In this interview with The Worldfolio, Ghassan Yared, CEO of Forewin Group, discusses the role of the private sector in Ghana’s economic growth, how Forewin Group has managed to diversify into one of Ghana’s biggest conglomerates and their new venture with Actis, “The Exchange” project. 

Like the rest of the world, Africa remains uncertain about what is to come after global geopolitical shifts like Trump’s election in the US or Brexit in the UK. How can Africa take advantage of this new global landscape and gain investor confidence?

Let me go back more than 10 years when we started talking about emerging markets. Before the world economic crisis, everybody was putting attention on Africa and saying: ‘the future is Africa; the population of Africa; it’s going to happen in Africa.’ And people started preparing business plans, visiting aggressively, but in the back of their mind, in my opinion, the reason why they did not succeed since then is that all the international and multinational companies were coming with their ideas which they wanted to execute as learned in Europe and in the US and implement it in a market in the African continent – not understanding that this is a different environment. There is a different way to do and conduct business. And many of them turned back and went back home. When the crisis started, everybody lost interest because they had their own concerns and own worries to take care of. People kind of forgot about Africa.

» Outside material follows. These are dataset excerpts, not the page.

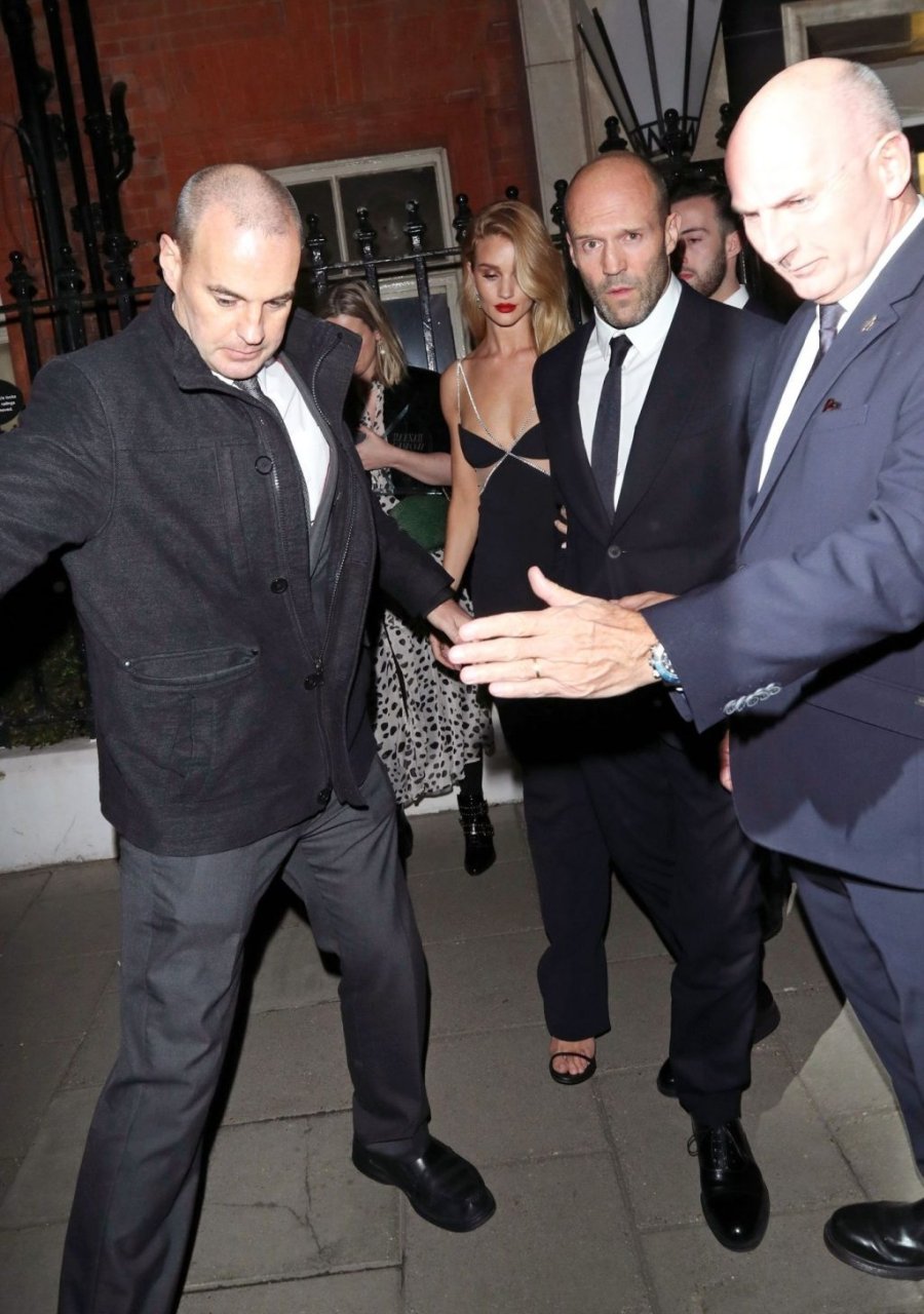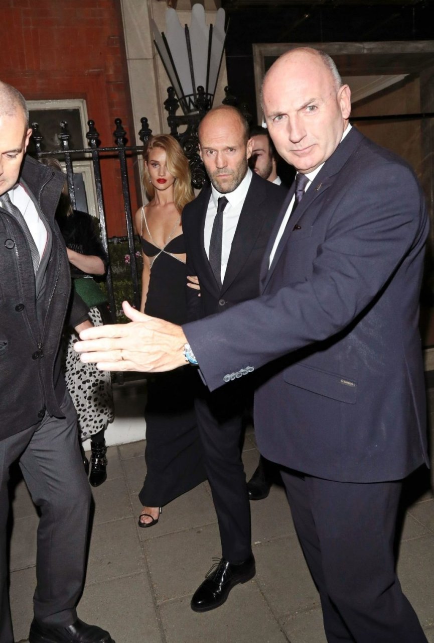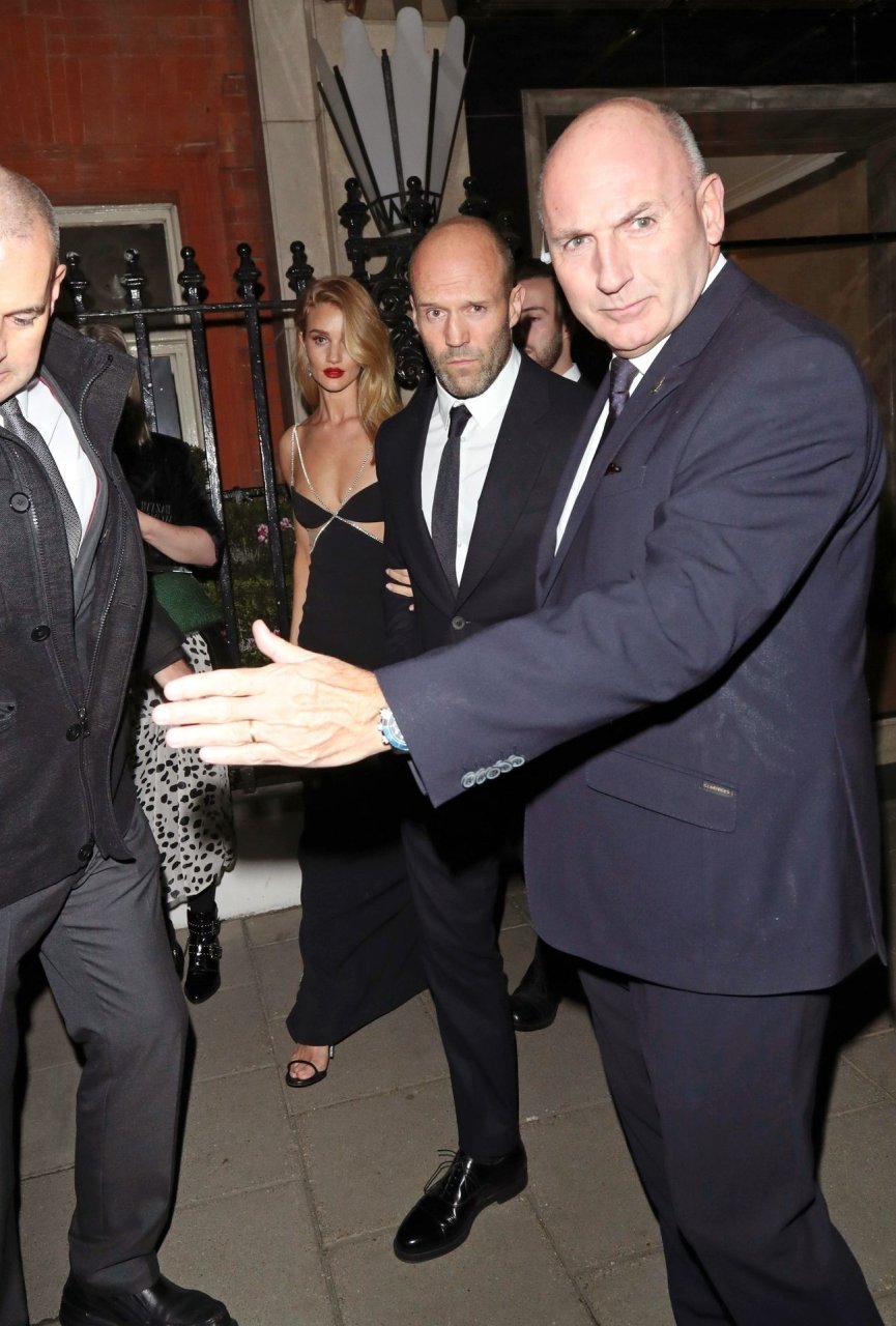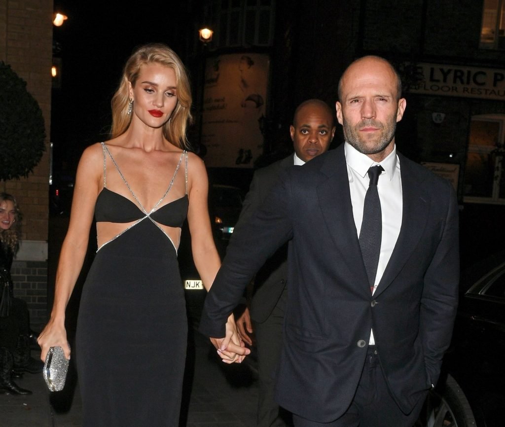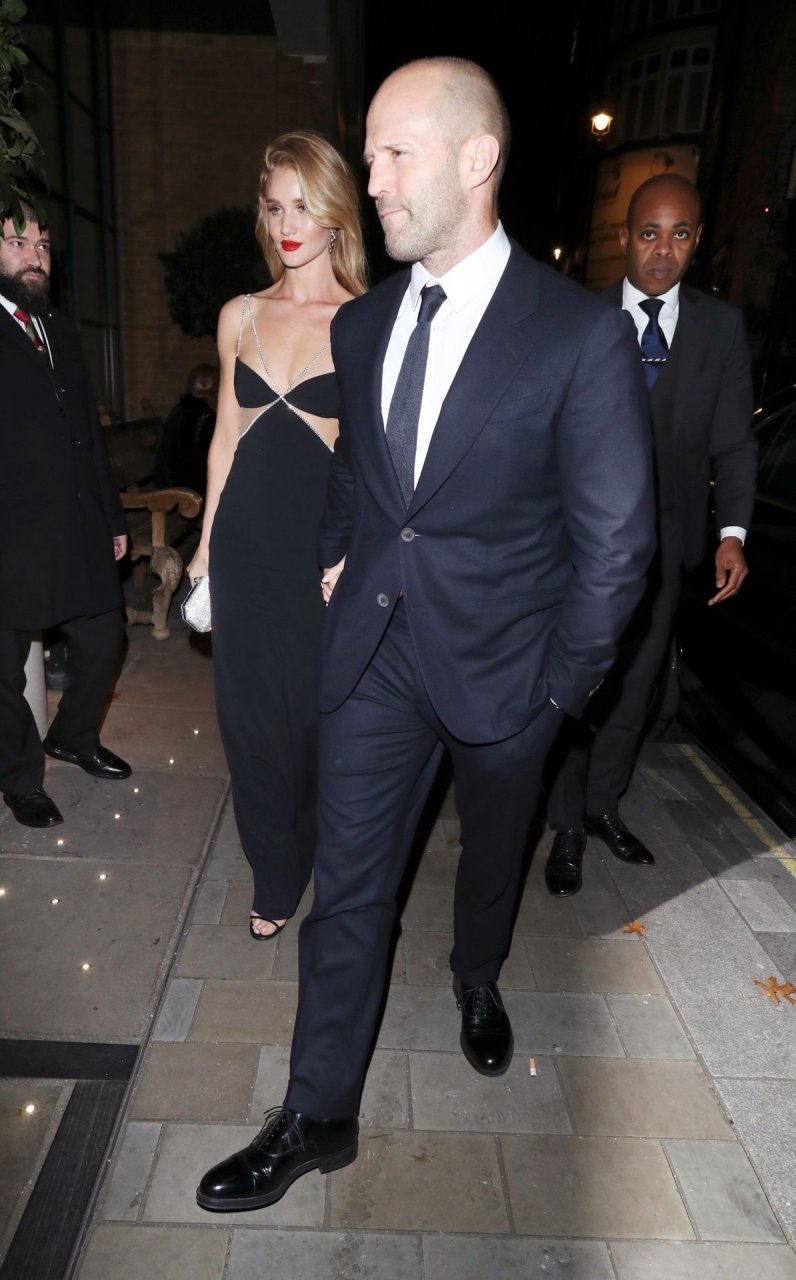 Le mannequin Rosie Huntington-Whiteley et Jason Statham assistent aux Harper’s Bazaar Women Of The Year Awards 2019 à l’hôtel Claridge’s à Londres, le 29/10/2019.
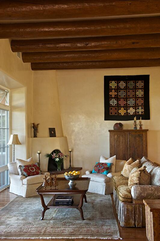 Чаще всего, цвет деревянных балок перекликается с тоном дверных проемов и оконных рам, которые также визуально выделяют с помощью дерева. Металл используйте в виде ковки, но только в том случае, когда, как упоминалось выше, интерьер гостиной склоняется к итальянскому средиземью.
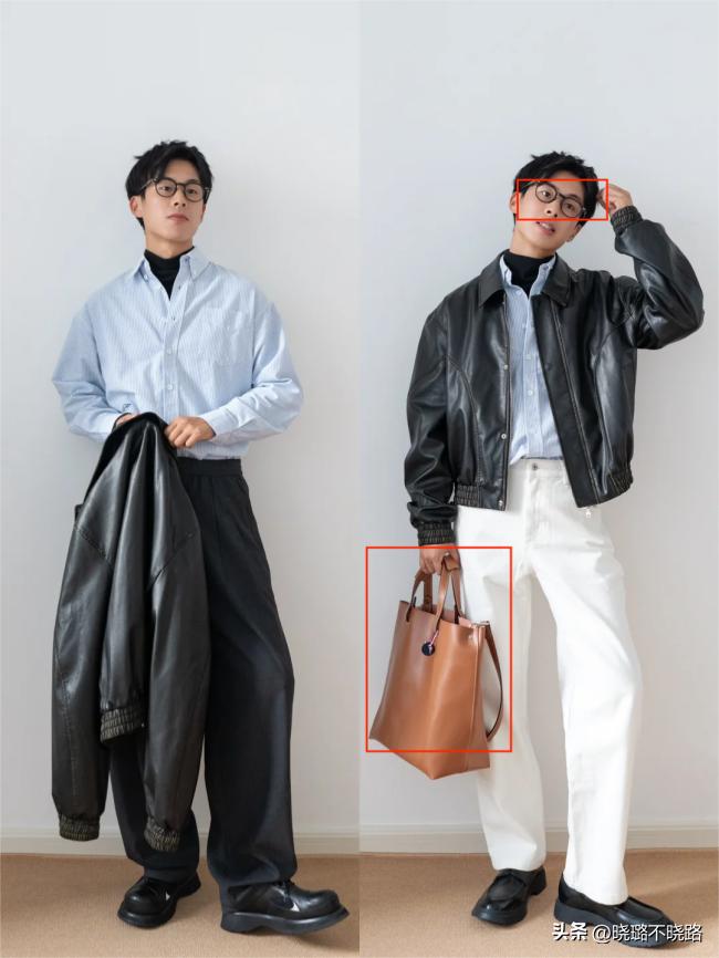 通過這第三組對比圖,想必已經能感受出來塞褲腰的好和不好,褲子腰沒塞好其實對身材改善不大,也不能提升整體氣質。把衣服塞進褲子裏反而顯得有點老氣,不夠時尚,還可能少了一些男性的硬朗感覺。相反,如果讓襯衫自然地垂下來,整個造型就會顯得年輕很多,有一種不經意間的帥氣感,讓你的搭配更加搶眼。

Now things are changing again. Economies are getting better, multinationals want to go more multinational, there are mergers and acquisitions, and everybody wants to be part of the big cake; and the big cake is now Africa.

I think that Africa is a good option for the US to replace China in the short, medium, and long-term. Don't forget that China’s economy is booming but most of their raw material is coming from Africa. So, If Trump’s relationship today with China and the Far East is not as it should be, in my opinion, African leaders should take advantage of this to get together and make their environment attractive enough to countries like the US.

With Brexit, the UK wants to improve their bilateral relations and trade relations with Africa because they need something to replace Europe and tomorrow maybe another country will emerge; and South Africa will want to expand; and North America will want to expand. So where do they expand? They look for a similar environment; similar weather and then they can find it here. For example, I know Peru and Ghana have a lot of similarities: similar environment, weather, and opportunities of growth in agriculture, mining and energy.

So, having said that, if you put everything together, there is a great opportunity for Africa as a continent. Now, do our leaders see this as an opportunity? And what are they doing to capture this opportunity or to create an environment to bring those investors and make them feel comfortable in the medium and long-term?

Let’s agree. Africa is the place. Africa is an alternative. If I was a world leader, Africa would be my best option to move into a different innovative direction.

What I can say is that our new president has started to create a clear vision. He is putting some guiding principles for his ministries, playing by the rules, creating trust among organizations of the ministries where there are no more overlapping responsibilities that are creating delays to doing business; and no hiccups and uncertainties for investors.

I think he knows exactly what this country needs. He is building trust among people, organizations and ministries, to give a good image and to attract those investors to come and say: ‘now, this is a sound environment. We are here. We can invest. And it’s for the medium and long-term.’

Ghana had been one of the fastest growing economies in Africa. Despite the fact that growth has slowed sizably over the last few years, Ghana today, with a growing middle class, energetic start-up scene and new pro-business government, looks to become Africa’s fastest growing economy once more. How can Ghana recover its leading position?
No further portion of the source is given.